Using a pseudo-inverse for the solution/least-squares of $X$ in $AXA^T=B$

348 Views Asked by At

For a matrix $A \in \mathbb{R}^{m\times n}$ and its pseudo-inverse $A^+$, the vector that minimizes the least squared error of

$$Ax = b$$

is $z = A^+b$, and it's the unique least-squares solution if $A$ has full column-rank.

Can we make an equivalent statement for finding the least squares solution of

$$A X A^T = B$$

where $X \in \mathbb{R}^{n\times n}$ and $B\in \mathbb{R}^{m\times m}$? So can we say that $Z = A^+ B A^{+T}$ is the least squares solution to this equation? Or if not least-squares is it the solution by some other metric?

One way to find out is to just differentiate the sum of the squared errors of the above, and see if it's equal to $A^+ B A^{+T}$ but that will be long. I'm trying it, but are there any simpler ways to think about this problem and show the above (if it's true), using properties of pseudo-inverses?
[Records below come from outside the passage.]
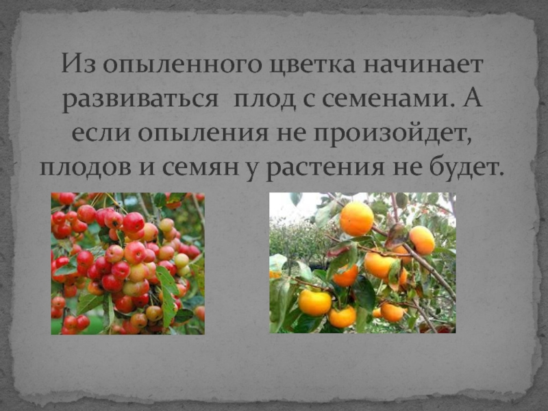 Слайд 12Из опыленного цветка начинает развиваться плод с семенами. А если опыления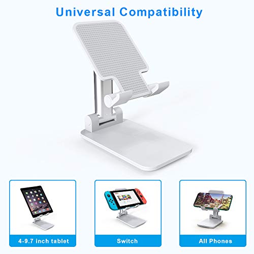 ZBC Supporto Telefono, Supporto per Cellulare Pieghevole Angolo e Altezza Regolabile Stabile Antiscivolo Portatile Dock Telefono per Cellulare Nintendo Switch iPhone iPad Tablet (4-9.7") (Bianco)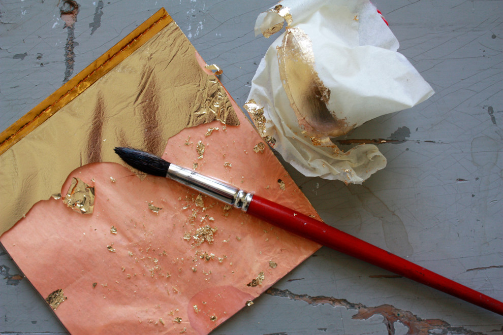 - Goldlack und / oder Blattmetall bzw. Schlagmetall (inklusive Anlegemilch)

I'm having a hard time relating the case of a linear system of equations to this (it looks like a quadratic system of equations but you're solving for the coefficients instead of the roots of a quadratic).

Also, we can assume that $A$ is full column rank and $m > n$.


Part two; if the above is available somewhere, is there also a similar solution in terms of pseudo-inverses for X in $AXB = C$, given $A \in \mathbb{R}^{m\times n}$, $X \in \mathbb{R}^{n \times n}$ and $B \in \mathbb{R}^{n \times p}$

2

There are 2 best solutions below

2
On BEST ANSWER

Theorem: Least Squares in arbitrary Hilbert Spaces

Consider Hilbert spaces $\mathcal U, \mathcal V$, a bounded linear operator $L\colon \mathcal U \to \mathcal V$ and an element $b\in \mathcal R(L)+\mathcal R(L)^\perp$. Then the least squares problem

$$\min_x \|L(x)-b\|^2$$

Has a unique minimal norm solution given by the pseudoinverse $x^* = L^+(b)$

For details, caveats, and infinite dimensional weirdness, check out these slides.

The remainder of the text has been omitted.